UC San Diego

Reading is learned in the presence of an already formed auditory language network. However, unlike auditory language reading is a recent cultural invention made possible by an extensive period of learning. Understanding the relationship of visual language with auditory language is key to understanding the novel human construct of reading. Articulatory motor movements are a potential bridge between the existing auditory language network and the developing visual reading network. Children who vocalize while learning to read and who understand the relationships between letters and sounds learn at a faster and more successful

rate. However, in neuroanatomical models of silent reading the precentral gyrus, associated with articulatory motor movements, is largely omitted.

The first section of the dissertation presents evidence that the precentral gyrus is involved in the dorsal reading route, putatively in grapheme-to-phoneme conversion. Chapter 1 presents evidence from a speeded semantic decision task. Word-level linguistic effects in the Precentral Gyrus and significant early phase-locking activity between the Fusiform and Precetral Gyrus were identified. Chapter 2 presents evidence from a Match/Mismatch task between sequentially presented graphemes and phonemes. Again, the precentral gyrus is implicated as a central hub by the combination of letter-specific effects, Mismatch effects, and significant connectivity with the Fusiform Gyrus. Chapter 3 examines the overlap and separation of Visual and Auditory language using a semantic decision task performed in each sensory modality. We find that while the Visual language processing that was present significantly overlaps with Auditory language processing, only a fraction of the Auditory language network is recruited during Visual language processing.
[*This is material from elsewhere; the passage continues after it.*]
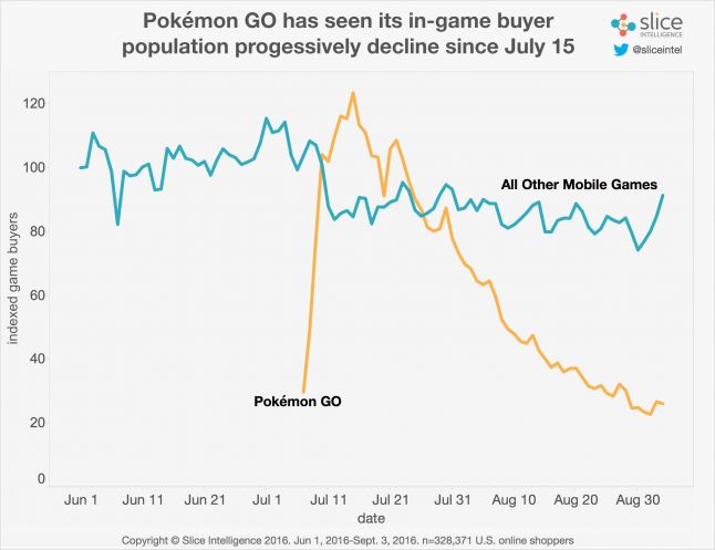 Last Friday market analysis firm Slice Intelligence reported that the number of Pokemon Go players who are making in-game purchases has declined roughly 79 percent since peaking on July 15th, roughly a week after it launched in North America and became a pop culture phenomenon.

The second section details methodological advances to aid in the study of language using intracranial iEEG. Chapter 4 details the use of carbon-based electrodes to increase the possible spatial resolution that iEEG can measure while retaining high signal-to-noise ratio. Chapter 5 details a multimedia tablet which was created to facilitate increased data collection on patients without increasing the effort necessary from either patients or staff. By increasing the possible spatial resolution and the possible amount of data collected, these two chapters demonstrate how to build upon the work in the first three chapters.